OF course there is great excitement over confirmation of the presence of the pine marten in the North York Moors (D&S Times, August 11).

Understandably, the location of recent film footage of the creature is being kept secret, but I can state that around 30 years or so ago I spotted a pine marten in the woods at Nettledale, near Rievaulx.

I observed it moving among the undergrowth on the steep slope below me for about 100 yards before it disappeared behind dense brambles.

While the marten is to be warmly welcomed, the same can’t be said of a less elusive newcomer in the Moors. The gigantic seated man who has been thrust down amid the heather overlooking Westerdale on Castleton Rigg is an abomination.

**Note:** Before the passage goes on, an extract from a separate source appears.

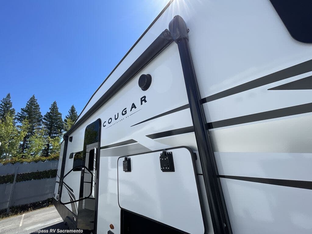 The Cougar Sport structural I-beam frame with stamped steel cross-members and outriggers, plus its AlphaPly roof membrane are what active RVers love about the construction of the Cougar line. The Cougar Sport models are no exception when it comes to a great package, as well as being smaller and lighter weight than their big brother Cougar models. A one-piece, heated and enclosed polypropylene underbelly will add protection against the elements, and the electric stabilizer jacks will provide more stability. On the inside, residential shaker style hardwood cabinet doors and decorative crown molding, plus seamless pressed countertops and an on-demand water heater will make your unit feel even more like home. You are also sure to appreciate the shiplap style decorative accent wall behind the bed, a porcelain foot flush toilet in the bathroom, plus residential kitchen hardware, and so much more.

Unlike other man-made features that punctuate the high moors – moorland crosses, boundary stones, even prominent landmarks like the Skelton Tower (a shooting box) or Capt Cook’s monument – this figure has no relevance to the history or culture of the Moors.

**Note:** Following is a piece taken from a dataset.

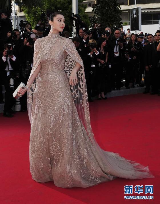 范冰冰楊冪戛納斗艷 楊冪黃裙擠胸露胸貼(組圖)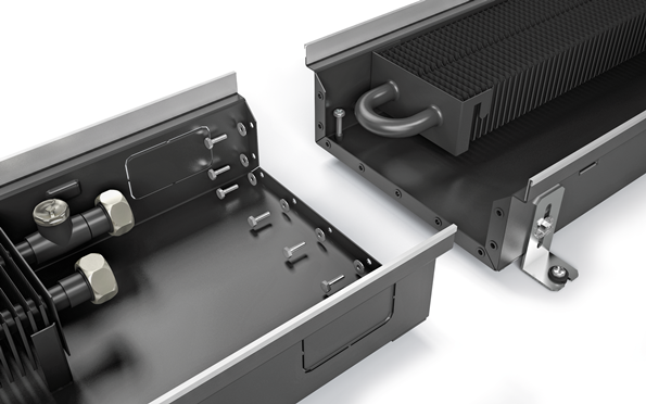 Для удобства транспортировки, конвекторы, длиной более 3 м, поставляются частями. Соединение между частями осуществляется через фланцы. По-умолчанию, конвектор поставляется с теплообменником в каждой части или, возможен заказ с единым теплообменником с быстроразъемными соединениями.

Presumably permission for the figure’s installation was given by the landowner. Was the national park authority complicit? If so it is sad indictment of its guardianship of this wild landscape. And if this lamentable misjudgement is compounded by allowing the 11-ft high figure to remain beyond its apparently-agreed tenure of five years you would have to question whether the national park authority is fit for purpose.